02/17 conversaciones con una gaviota
CONVERSACIONES CON UNA GAVIOTA
Episodio II. La última cena



De Internet
       Una vez Gloria, esa amiga mía que a pesar de seguir creyendo en el amor no cree en las gaviotas urbanitas, me negó que en Madrid las hubiera, y hasta se apostó una cena a que ella estaba en lo cierto. Cuando le demostré que en el río Manzanares las gaviotas iban y venían sin demasiado talento, y hasta se ponían de cháchara como si así las penas de amor fueran menos espesas y los deseos de volar más perentorios, me aseguró que pagaría esa cena que yo pospongo por el temor que siempre tengo a que cualquier consumación sea una despedida, y cualquier cena la última cena pintada en un muro de cualquier viejo castillo con fantasma.

        


 ¡Detesto las despedidas y sus emblemas!

        





         Mientras doy tiempo al tiempo para que la última cena no se consume, suelo buscar gaviotas en cada ciudad que visito sin que mi afán por encontrarlas sea tan vehemente que me perjudique este estar siempre de paso en cuales quiera de los lugares a los que llego sabiéndome eterna pasajera del tren de los afectos más hondos e ineludibles.
       ¡Quién me iba a decir a mí que sería delante de la Estación Términi de Roma donde me encontraría de nuevo con Facunda, la gaviota sentenciosa y descarada de los ojos amarillos que hablaba de los hombres como si fuera una mujer de la vida!
Me gustaba hablar con aquella gaviota a pesar de sus desaires, porque parecía saber de lo de vivir –que es lo mismo que saber del gozo y del dolor- como si se hubiera enseñado mirando las cosas desde lejos y de paso que es como menos dañan y como menos se gozan. Curiosamente, ella va y viene sin que nada alcance sus ansias de volar.

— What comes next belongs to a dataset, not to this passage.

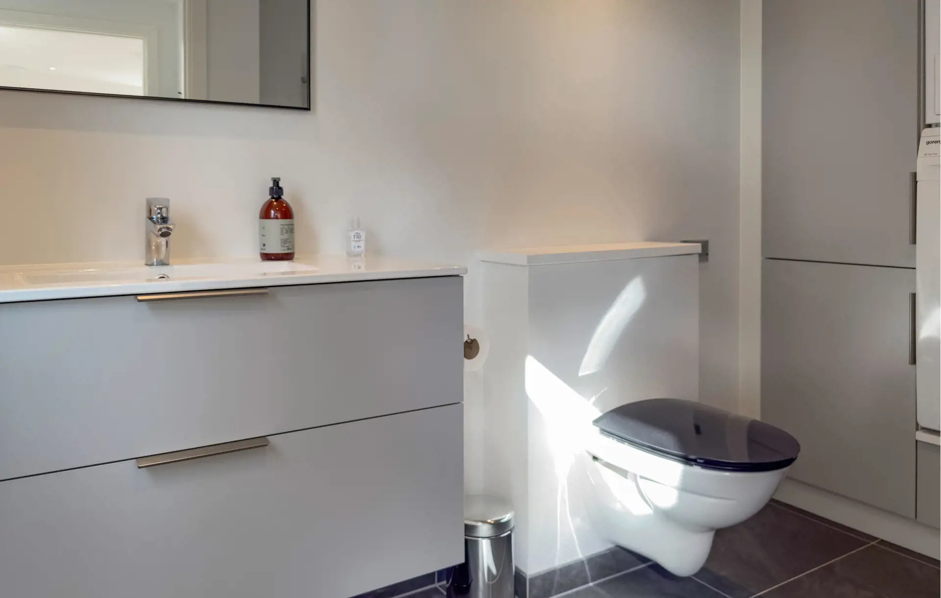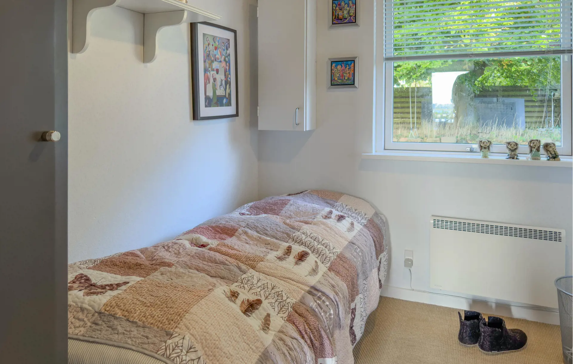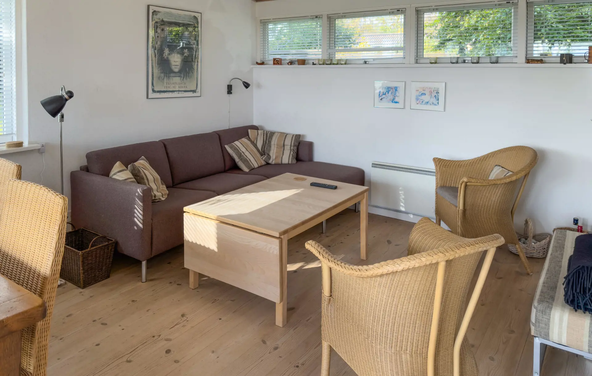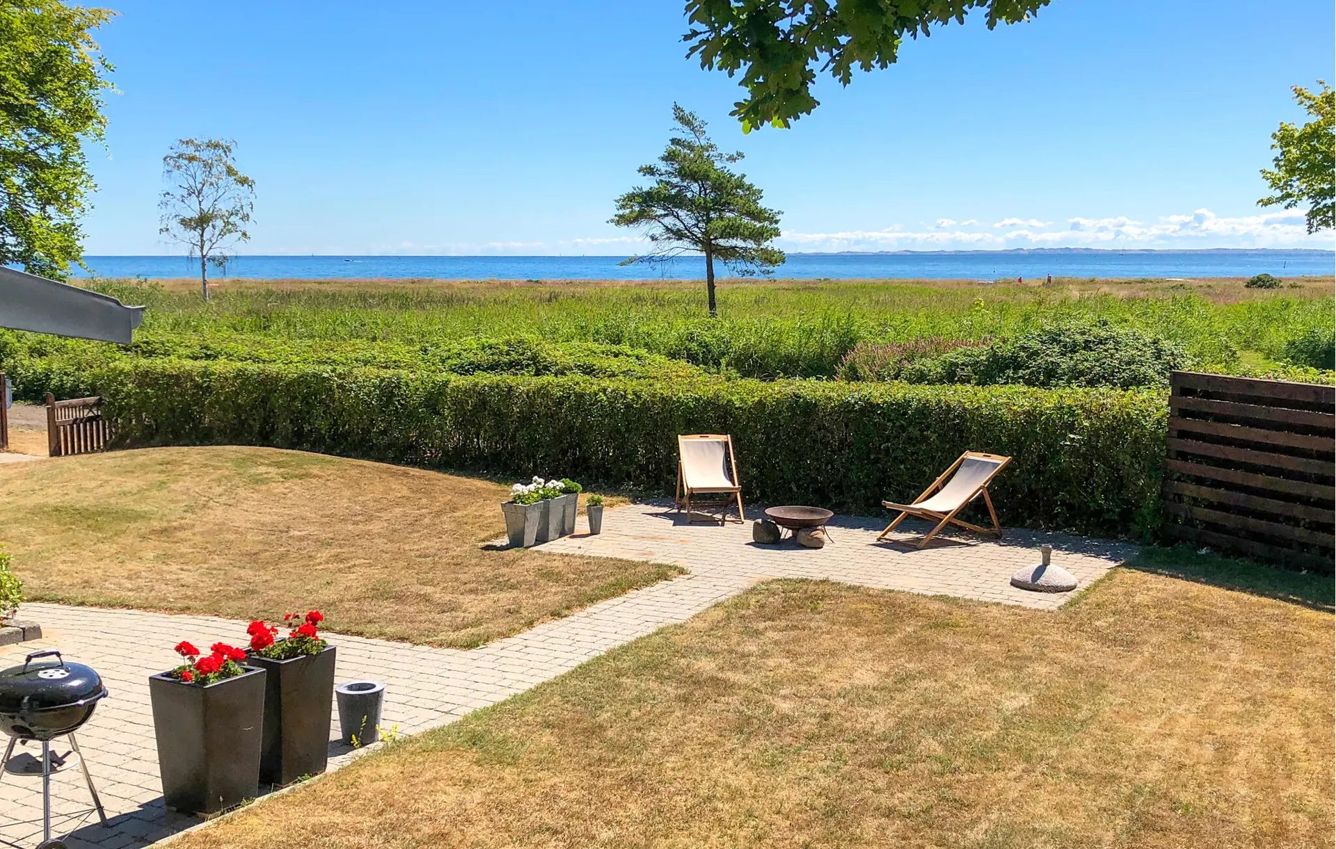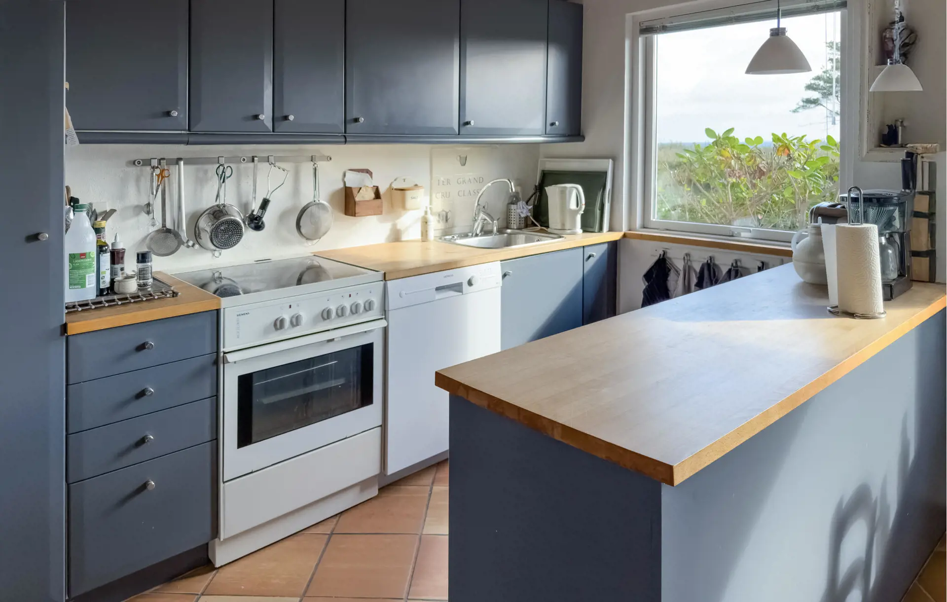 Nur wenige Schritte trennen Sie in diesem Ferienhaus vom Wasser, und der Blick auf die Bucht begleitet Sie vom Frühstück bis zum Sonnenuntergang. Lassen Sie im gemütlichen Wohnbereich den Blick durch die großen Fenster bis zum Meer schweifen. Machen Sie es sich auf dem Sofa bequem, genießen Sie die warmen Holztöne und die harmonische Einrichtung. Der offene Essbereich schafft Raum für gemeinsame Mahlzeiten, während die schöne Küche mit klaren Linien und großzügigen Arbeitsflächen zum Kochen einlädt. Bereiten Sie Ihre Lieblingsgerichte mit Meerblick zu und erleben Sie echtes Hygge-Gefühl.

-Muy contenta pareces, Facunda, para estar tan lejos de lo nuestro y tan sin alguien- le dije por decir algo.

-¡A pesar de todo…! –enfatizó sin mucho sentido.

-Que me aspen si te entiendo. Lo que dices es irracional. No sé por qué me empeño en que tú y yo hablemos siendo de tan distinta condición; pero debo reconocer que te he tomado querencia, y me causa verdadero goce el encuentro, a pesar de todo…
-No hay nada más intensamente gozoso que amar irracionalmente. Porque sí; y a pesar de todo…, ‑respondió aquella tarde-. Ni hay nada más doloroso que querer convertir un gozoso amor irracional en una racional permanencia …a pesar de todo –me graznó la gaviota, cruzando a continuación, y majestuosamente, el rastro dejado por el sol poniente en los adoquines de la calle atardecida.

Un coche de bomberos, urgido quizá por algún incendio catastrófico, estuvo a punto de atropellarla a ella y matarme a mí de miedo.

Ya sabía ella que el brillo de los adoquines de cualquier ciudad anochecida es mal refugio para las gaviotas. Aunque, por lo que la voy conociendo, sabe también que buscar refugio en un nido es como tratar de radicar desarraigos en un territorio de paso donde uno debiera detenerse sólo el tiempo justo para saber que un día se anidó en algún lugar del que volaron los polluelos dejando inmensas soledades a sus espaldas.

Entonces, yo di unas palmadas para espantar el desaliento y la gaviota alzó el vuelo.

A lo lejos seguía oyéndose el alarido de la sirena del coche de bomberos.

-Y si el deseo de permanencia trae ese agudo dolor –alcancé a gritarle desde abajo- ¿cuál es según tú, pájaro de mal agüero, la fórmula de la felicidad”.
-¡Vuela, mujer, vuela! –me pareció escucharla allá a lo lejos sin tener la consideración de acordarse de que me faltaban las alas.

En “CasaChina”. en un 28 de Junio de 2017.